## Instructions for the task
Would you transcribe the records below from the line with "ゴルフウェア PEARLY GATES" to the line with "This olive-colored knit", ends included, exactly and with nothing more, leaving the pictures out?

## Listed records
== Segment start ==

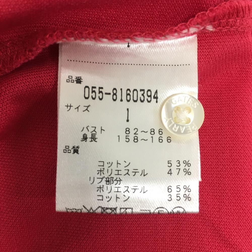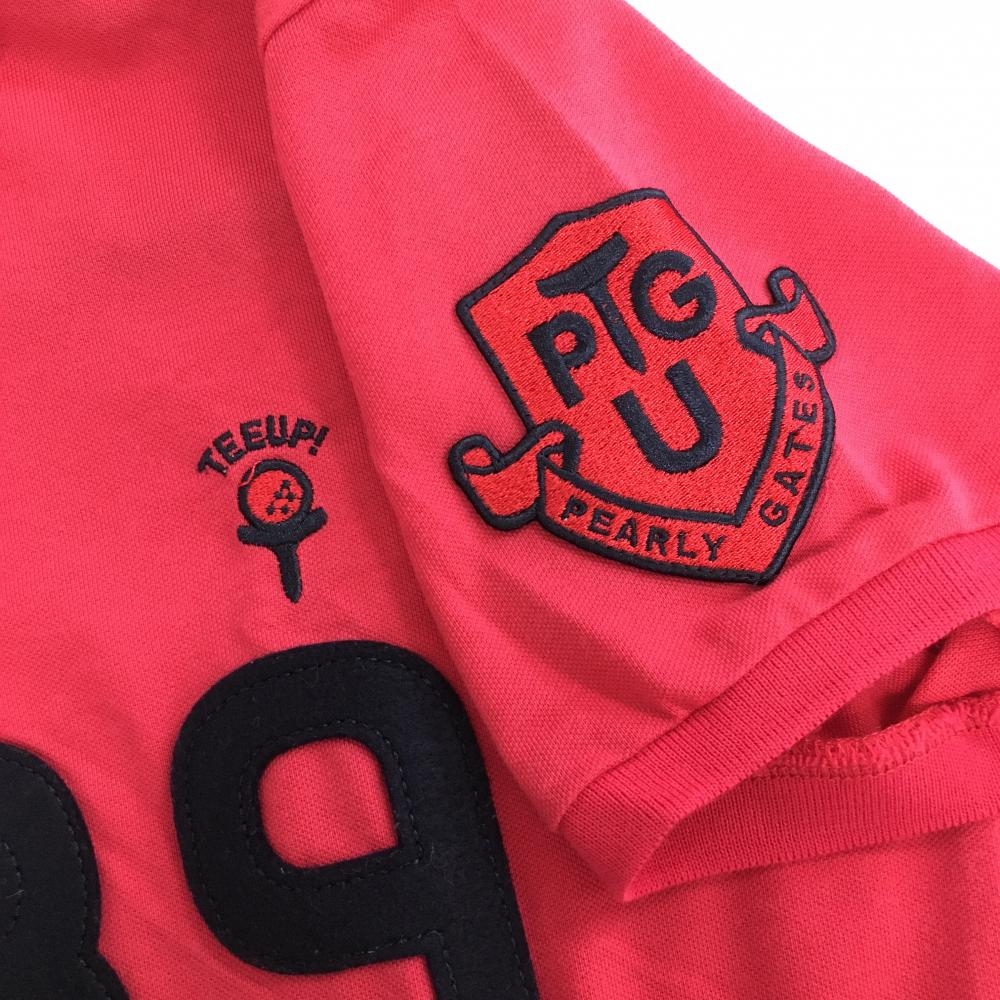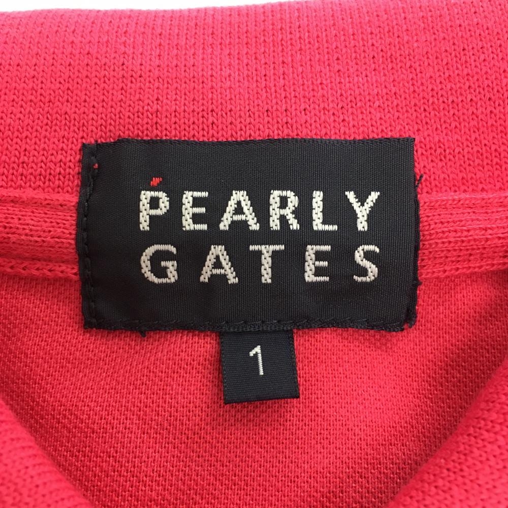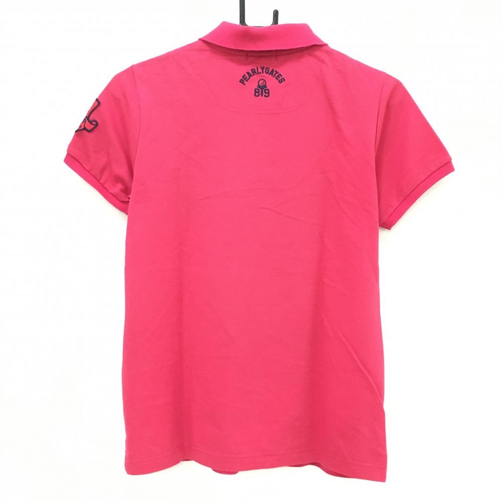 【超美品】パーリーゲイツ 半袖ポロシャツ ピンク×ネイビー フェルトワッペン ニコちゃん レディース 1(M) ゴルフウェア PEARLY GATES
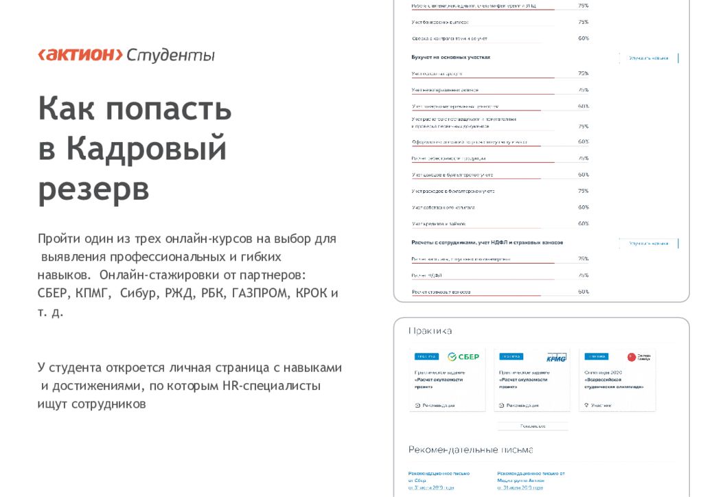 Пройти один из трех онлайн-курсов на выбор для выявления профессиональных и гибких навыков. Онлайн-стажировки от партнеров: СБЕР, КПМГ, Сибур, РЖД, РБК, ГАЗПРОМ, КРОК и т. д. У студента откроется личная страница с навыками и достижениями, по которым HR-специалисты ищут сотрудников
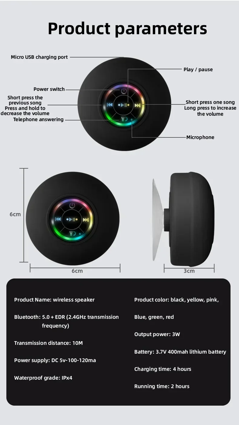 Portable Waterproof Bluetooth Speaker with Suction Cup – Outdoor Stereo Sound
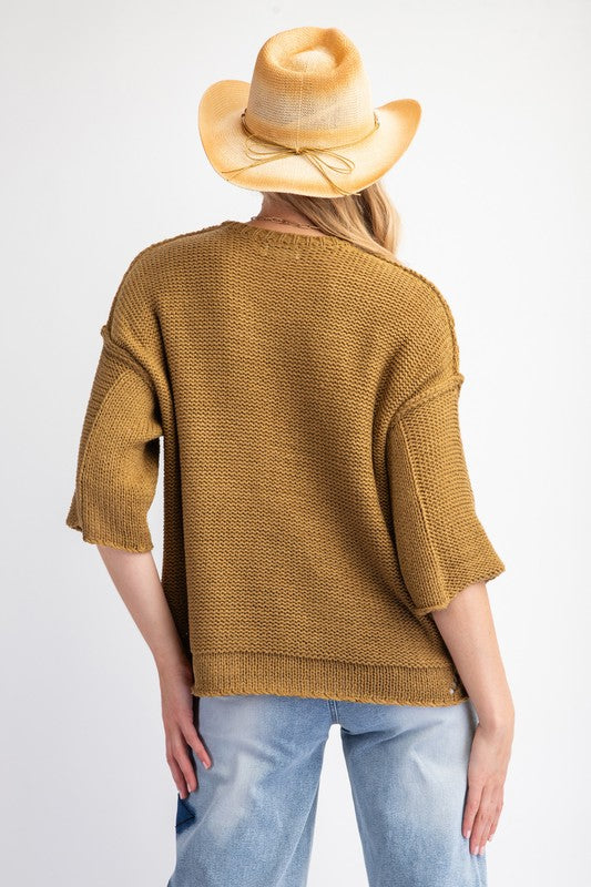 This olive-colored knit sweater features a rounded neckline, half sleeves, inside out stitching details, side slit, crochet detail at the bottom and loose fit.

== Segment end ==
== Segment start ==

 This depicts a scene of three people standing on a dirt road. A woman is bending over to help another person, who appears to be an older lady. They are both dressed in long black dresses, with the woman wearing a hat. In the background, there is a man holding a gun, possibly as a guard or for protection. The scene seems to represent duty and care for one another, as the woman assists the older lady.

== Segment end ==

## Answer to this exercise
 【超美品】パーリーゲイツ 半袖ポロシャツ ピンク×ネイビー フェルトワッペン ニコちゃん レディース 1(M) ゴルフウェア PEARLY GATES
 Пройти один из трех онлайн-курсов на выбор для выявления профессиональных и гибких навыков. Онлайн-стажировки от партнеров: СБЕР, КПМГ, Сибур, РЖД, РБК, ГАЗПРОМ, КРОК и т. д. У студента откроется личная страница с навыками и достижениями, по которым HR-специалисты ищут сотрудников
 Portable Waterproof Bluetooth Speaker with Suction Cup – Outdoor Stereo Sound
 This olive-colored knit sweater features a rounded neckline, half sleeves, inside out stitching details, side slit, crochet detail at the bottom and loose fit.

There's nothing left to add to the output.